Plusieurs mois plus tard, en plein entraînement, j’appris de la bouche du directeur qu’une personne cherchant à m’adopter souhaitait me rendre visite. Ces affirmations attisèrent d’emblée ma curiosité. Non pas que j’étais ravi qu’une personne avait l’intention de m’adopter… mais je n’avais qu’une seule envie : quitter cette prison pour enfants, et ne plus avoir à supporter les cris et les pleurs de ces gosses malheureux, qui me rappelèrent sans cesse mes propres souffrances. Ce fut les raisons qui m’ont poussé à accepter de rencontrer cette personne, sur le champ. Le directeur m’emmena donc à l’accueil de l’orphelinat, endroit où je vis cette femme pour la première fois. Une toute jeune femme blonde aux yeux bleus, avec des cheveux très courts… Je ne lui donnais même pas vingt ans. Je pouvais déceler, dans son regard et sur son visage, une certaine émotion… alors qu’elle ne m’avait jamais rencontré.

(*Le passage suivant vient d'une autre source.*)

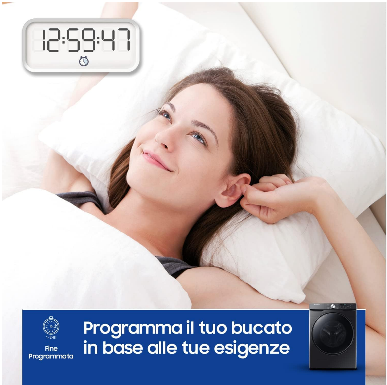
Figure 4.2: Program your wash cycle to end at a convenient time.

Use the Delayed End function to set a specific time for your wash cycle to finish, allowing you to manage your laundry more flexibly.

Connaissait-elle mon histoire, et voulait-elle m’adopter pour cela ? Ou avait-elle un parent tué dans l’incendie du village ? Je ne tardais pas à obtenir réponse à mes quelques interrogations :
« Es-tu le petit Rafael ?
- Et alors ?
- Bonjour mon petit… Mon nom est Héléna… Je suis… Je suis ravie de faire ta connaissance… »

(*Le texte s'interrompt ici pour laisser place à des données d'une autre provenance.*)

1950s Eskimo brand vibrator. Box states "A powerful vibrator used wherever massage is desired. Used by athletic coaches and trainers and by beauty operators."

Héléna voulait échanger une poignée de main avec moi, par pure politesse. Mais je refusai de m’y plier : je ne connaissais pas encore assez bien cette femme pour pouvoir lui faire confiance. Je l’interrogeai ensuite :
« Pourquoi êtes vous ici, devant moi ?
- Parce que… j’ai entendu parler de toi et de tes prédispositions au combat. Mon petit ami et moi souhaitons t’adopter afin que tu puisses apprendre les rudiments du combat auprès de personne ayant une certaine expérience.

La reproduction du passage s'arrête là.